Surprisingly, the Accuracy is zero for all the 15 epochs inspite-of using multiple Conv2D and Max Pooling Layers. I am using ImageDataGenerator for Data Augmentation.

Request someone to help me. Thank you in advance.

Complete code is given below:

# importing all the required libraries
import tensorflow as tf
from tensorflow.keras.layers import Dense, Conv2D, Flatten, MaxPool2D, Dropout
from tensorflow.keras.models import Sequential
from tensorflow.keras.datasets import cifar10
from tensorflow.keras.utils import to_categorical
from tensorflow.keras.preprocessing.image import ImageDataGenerator
import matplotlib.pyplot as plt

# Loading the Data from the in built library
(train_images, train_labels), (test_images, test_labels) = cifar10.load_data()
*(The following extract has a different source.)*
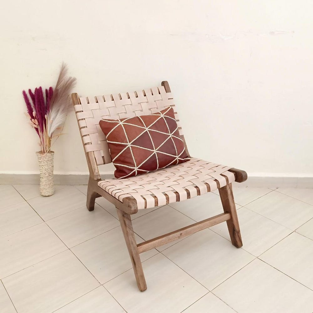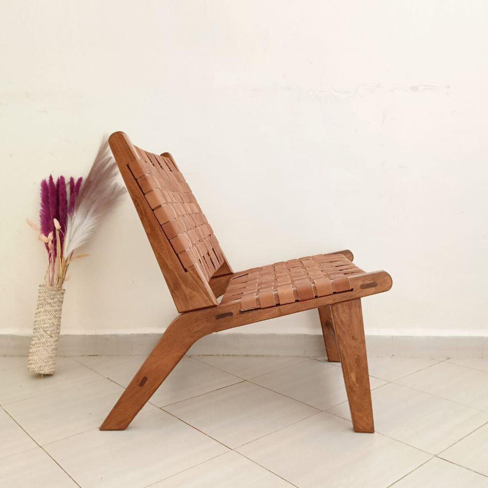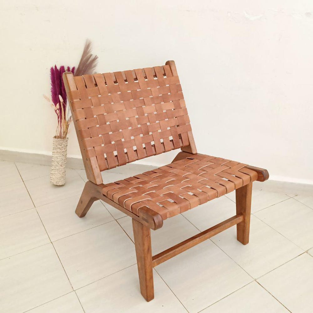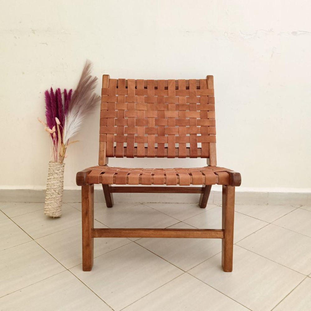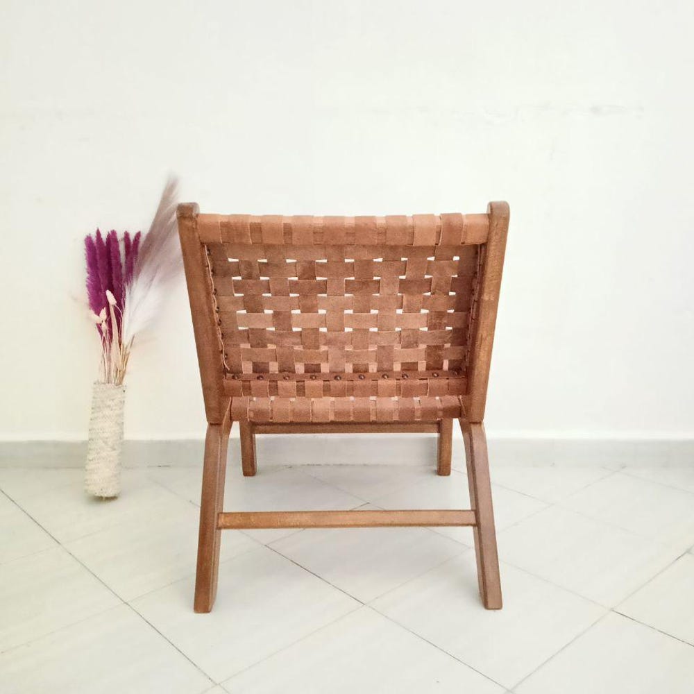 Enhance your living space with this Tan Woven Leather Chair, a modern boho accent chair crafted from solid walnut wood and genuine leather. Its sleek yet rustic design makes it perfect for a reading nook, living room, or lounge area. Handmade by skilled artisans, this chair offers durability, comfort, and timeless style. Whether you’re looking for a mid-century modern chair, a woven leather lounge chair, or a cozy boho accent piece, this unique furniture item adds warmth and character to any space.

# Normalize the Pixel Data
train_images = train_images/255.0
test_images = test_images/255.0

# Instantiate the Image Data Generator Class with the Data Augmentation
datagen = ImageDataGenerator(width_shift_range = 0.2, height_shift_range = 0.2, 
                             rotation_range = 20, horizontal_flip = True, 
                             vertical_flip = True, validation_split = 0.2)
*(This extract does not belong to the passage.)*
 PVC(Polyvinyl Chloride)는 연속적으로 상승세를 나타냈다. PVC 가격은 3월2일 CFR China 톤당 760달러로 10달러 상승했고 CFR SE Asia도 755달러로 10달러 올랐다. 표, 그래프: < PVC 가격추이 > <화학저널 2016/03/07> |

# Apply the Data Augmentation to the Training Images
datagen.fit(train_images)

# Create the Generator for the Training Images
train_gen = datagen.flow(train_images, train_labels, batch_size = 32, 
                         subset = 'training')

# Create the Generator for the Validation Images
val_gen = datagen.flow(train_images, train_labels, batch_size = 8, 
                         subset = 'validation')

num_classes = 10

# One Hot Encoding of Labels using to_categorical
train_labels = to_categorical(train_labels, num_classes)
test_labels = to_categorical(test_labels, num_classes)

img_height = 32
img_width = 32

# Building the Keras Model
model = Sequential()
model.add(Conv2D(32, (3, 3), activation='relu', input_shape=(32, 32, 3)))
model.add(MaxPool2D((2, 2)))
model.add(Conv2D(64, (3, 3), activation='relu'))
model.add(MaxPool2D((2, 2)))
model.add(Conv2D(64, (3, 3), activation='relu'))
model.add(Flatten())
model.add(Dense(64, activation='relu'))
#model.add(Dropout(rate = 0.2))
model.add(Dense(units = num_classes, activation = 'softmax'))
model.summary()

model.compile(loss = 'categorical_crossentropy', optimizer = 'adam', 
              metrics = ['accuracy'])

steps_per_epoch = len(train_images) * 0.8//32

history = model.fit(train_gen, validation_data = val_gen, 
          steps_per_epoch = steps_per_epoch, epochs = 15)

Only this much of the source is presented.